КОГДА МУХИ НЕ СПЯТ - страница 9



Он подошел. Ее взгляд скользнул по нему, равнодушный, оценивающий. Он не был похож на обычных посетителей. В его глазах горел огонь, который она видела лишь у тех, кто дошел до края.

Он протянул ей сверток. Рука дрожала. Кровь просочилась сквозь ткань, оставив темное, влажное пятно.

– Это…, – пробормотал он, и голос его был хриплым, чужим, как будто он говорил на незнакомом языке. Слова выходили с трудом, выталкиваемые из груди вместе с желтой вибрацией, запертой внутри. – Это… для вас.

Она посмотрела на сверток, потом на его лицо, на его перевязанную голову. Бровь чуть приподнялась, но в глазах не было ни страха, ни любопытства, только усталое ожидание.

– Что это? – Голос у нее был низкий, безэмоциональный, как будто она спрашивала о цене напитка.

– Это…, – он запнулся. Как объяснить? Как выразить словами то, что было актом абсолютной, невыносимой экзистенциальной боли? – Это… то, что слушало. Слишком много. Слишком громко. – Он посмотрел на нее, его взгляд был одновременно острым и расфокусированным. – Мир… он слишком шумит. Слишком много цвета… слишком много боли. А это… это слушало. И теперь… теперь оно ваше.

Он осторожно, благоговейно положил сверток на стол перед ней.

Она медленно, очень медленно, развернула ткань. Ее пальцы, привыкшие к прикосновениям другого рода, на мгновение замерли. Увидела. Кровь. Кусок плоти. Этот нелепый, узнаваемый контур.

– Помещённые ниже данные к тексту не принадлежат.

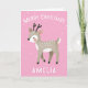 Carte Cute Pink Reindeer Kid`s Name Merry Christmas

На мгновение. Лишь на одно краткое, ужасное мгновение ее лицо потеряло свою усталую маску, стало просто человеческим лицом, искаженным шоком, отвращением, неверием. Глаза расширились. Губы приоткрылись, чтобы выдохнуть беззвучный крик.

– Боже мой… – вырвалось у нее, шепотом, который был громче любого крика в этом душном помещении. – Что… что вы сделали?

Он смотрел на нее, ожидая. Ждал чего? Понимания? Ужаса? Отторжения? Он не знал. Он лишь знал, что должен был это отдать. Отдать эту часть себя, которая стала чужой, болезненной, кому-то, кто мог бы принять ее без осуждения мира, который он больше не мог выносить.

– Я… я не мог больше слушать, – повторил он, как заведенный. – Желтый… он кричал. А Поль уехал. И тишина… тишина кричала еще громче. Это… это то, что осталось.

Она смотрела на окровавленный кусок плоти на столе, потом на его перевязанную голову, потом снова на ухо. В ее глазах боролись профессиональная усталость, которая велела оставаться спокойной, и первобытный ужас перед тем, что она видела. Она работала в мире, где видели многое, но такое… такое было за гранью даже этого мира.

– Уберите это, – сказала она наконец, голос ее дрожал, но она пыталась вернуть ему прежнюю ровность. – Я… я не могу это взять.

– Но почему? – В его голосе звучало искреннее недоумение. Он отдал ей часть себя, часть своей боли, часть своего безумия. Разве это не было самым честным, самым реальным обменом, который он мог предложить в этом мире фальши? В мире, где люди платили за иллюзию близости, он давал ей осязаемую, кровавую реальность.

– Почему? – Она засмеялась, коротким, нервным смешком, который тут же оборвала. – Потому что это… это безумие! Это… это часть вас! Я не могу взять… часть человека. Я… я беру деньги. За время. За… за кое-что другое. Но не… не это.

Ее отказ был ударом. Не болью, нет, боль была внутри, боль была желтой. Это был удар по его искаженной логике, по его отчаянной попытке установить связь, отдав часть своего одиночества, своего страдания. Даже здесь, на краю, его дар был отвергнут. Его экзистенциальное подношение оказалось слишком тяжелым, слишком реальным даже для мира, который торговал реальностью.